Markus Preiß, ARD Brussels, daily newspaper at 3:00 p.m., July 20, 2022

“Do we have to set the air conditioning to 20 degrees?”

The third pillar concerns consumers and savings in heating and cooling. In addition to national public awareness campaigns, the European Commission is calling for a mandatory reduction in gas consumption in public buildings. A targeted reduction in the heating and cooling capacity of shopping centers and offices is also possible. In addition, Member States must set new temperature and time threshold values ​​for gas heating in households. However, the authority left open the height of these.

A draft plan also stipulated that public buildings, offices and commercial buildings should be heated to a maximum of 19 degrees and cooled to at least 25 degrees with air conditioning. These specifications are no longer included in the proposals now presented.

Timmermans pointed out that citizens can also participate in efforts on their own. “Do we have to set the air conditioning to 20 degrees?” Setting them a little higher can mean less comfort. At the same time, however, it could help reduce gas consumption significantly. “If we act now, we can decide how we act and keep our destiny in our hands,” the Commission vice-president said.

Rules for a possible extinguishment order?

In the worst-case scenario where individual customers have to shut off the gas or have to switch off completely, the European Commission wants to provide governments with guidelines for prioritizing sectors. She couldn’t be more specific today. Under the previous draft, states would have to decide in advance the order in which they would force the industry to shut down in the event of a supply shortage.

The order must take into account the importance of a facility and the impact of its closure on supply chains. In general, there are already uniform rules in the EU in the event of a gas emergency, which are anchored in the so-called SoS regulation. This regulates, for example, which customers still need to be supplied with gas in an emergency. Households and essential social services receive special treatment as “protected consumers”.

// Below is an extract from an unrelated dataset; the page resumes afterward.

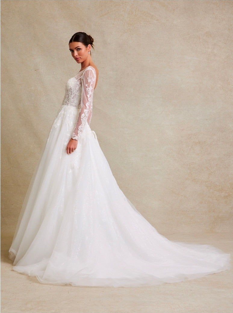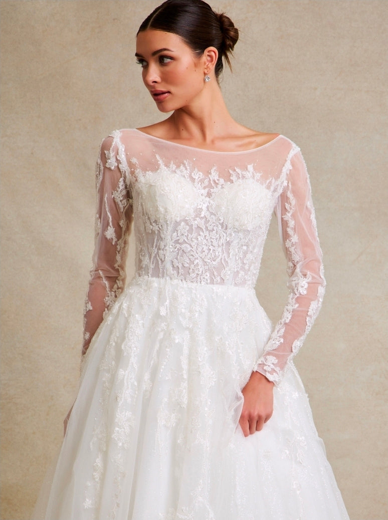 Embrace timeless elegance with this sophisticated wedding gown, designed for the modern bride seeking modest coverage without compromising on style. The graceful A-line silhouette flows beautifully from a classic bateau neckline, while delicate lace adorns the back with an intricate lace-up closure that adds an unexpected touch of romance. Long sleeves provide refined coverage, and the ethereal tulle construction creates movement and dimension as you walk. A sweeping train completes this enchanting bridal look, perfect for a ceremony that celebrates both grace and individuality.

In the draft gas emergency plan, the European Commission once again underlined that households are “protected customers” under EU law. This means that they would be the last to be affected by gas rationing. However, if power generation is threatened, countries could switch power plant supply to gas through certain protected consumers, he said.

Vote next Tuesday

In Germany, the Federal Network Agency is already preparing criteria for the eventuality that shutdowns are necessary due to a gas shortage – based on the German gas emergency plan. Federal Economics Minister Robert Habeck (Greens) had already made it clear that in the event of a gas shortage, all consumers should contribute to saving energy. Exactly how this will be implemented is not yet clear.

However, it remains to be seen in the coming days whether the European Commission’s plan will soon become a reality. EU states have yet to approve the project. From Friday, diplomats from EU countries are due to discuss the proposal – with the aim of energy ministers approving the plans at a special meeting on July 26.

The big nail biter about the gas

Constantin Röse, HR, July 20, 2022 3:50 p.m.